- [Stored data]:
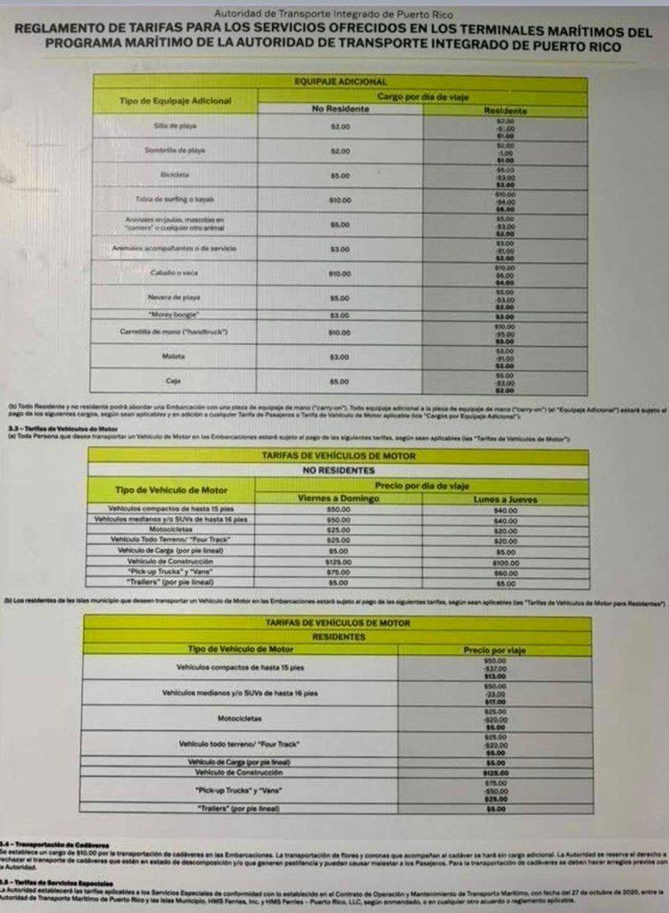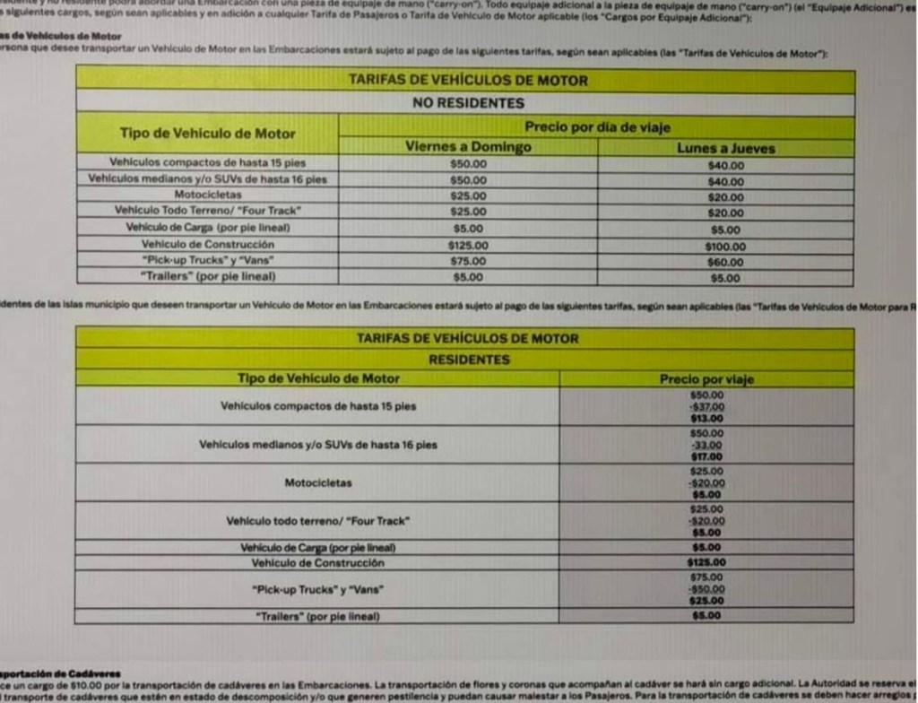 Antes por transportar un auto compacto en el ferry se pagaban $13 por viaje ida y vuelta. Ahora subirá a $100.
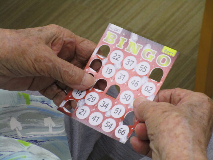 次はビンゴゲームをしました。箱の中から、数字が書いてあるキャップを順番に引いてもらいました。手元の紙を見ながら、「あったわ。」といって嬉しそうに穴を開けている方がいれば、「そんな数字ないよ。」と落ち込みながらも次の数字を待つ人もいて、皆さん一喜一憂しながらも、全員がビンゴするまで楽しまれました。
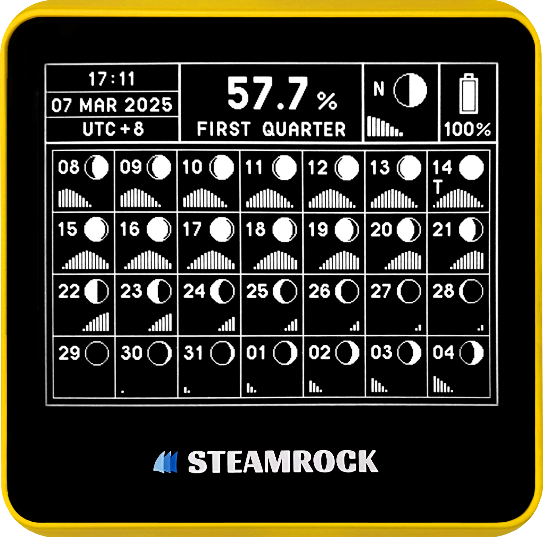 Steamrock Precision Moon Tracker MT-11 Yellow by Steamrock | Feb 23, 2026 | 0 comments New Moon Calendar Submit a CommentYour email address will not be published. Required fields are marked *Comment * Name * Email * Website Δ
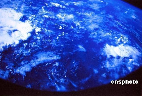 由神舟六号航天员费俊龙亲手拍摄的太空摄影013号作品《地球、云》。
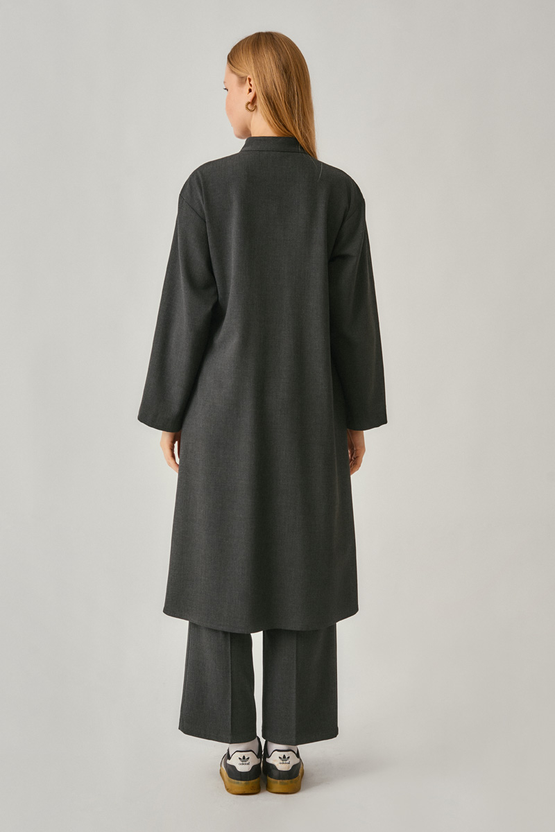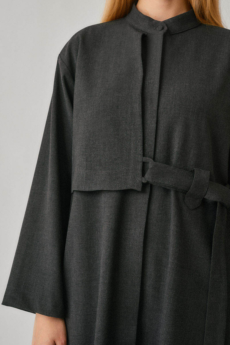 Brings together modern elegance with clean, minimal lines. The concealed placket detail gives the appearance of a buttonless design, adding a refined simplicity to the tunic silhouette, while the waist tie enhances a flattering shape. Thanks to its structured yet fluid fabric, it maintains its form and offers effortless wear for both office and daily outfits. A timeless piece that complements every season and style.

- [Work to be completed]: Return only the lines from the start of the data through the line that contains "次はビンゴゲームをしました。", please, copying them exactly and omitting all pictures.

- [Written solution]:
 Antes por transportar un auto compacto en el ferry se pagaban $13 por viaje ida y vuelta. Ahora subirá a $100.
 次はビンゴゲームをしました。箱の中から、数字が書いてあるキャップを順番に引いてもらいました。手元の紙を見ながら、「あったわ。」といって嬉しそうに穴を開けている方がいれば、「そんな数字ないよ。」と落ち込みながらも次の数字を待つ人もいて、皆さん一喜一憂しながらも、全員がビンゴするまで楽しまれました。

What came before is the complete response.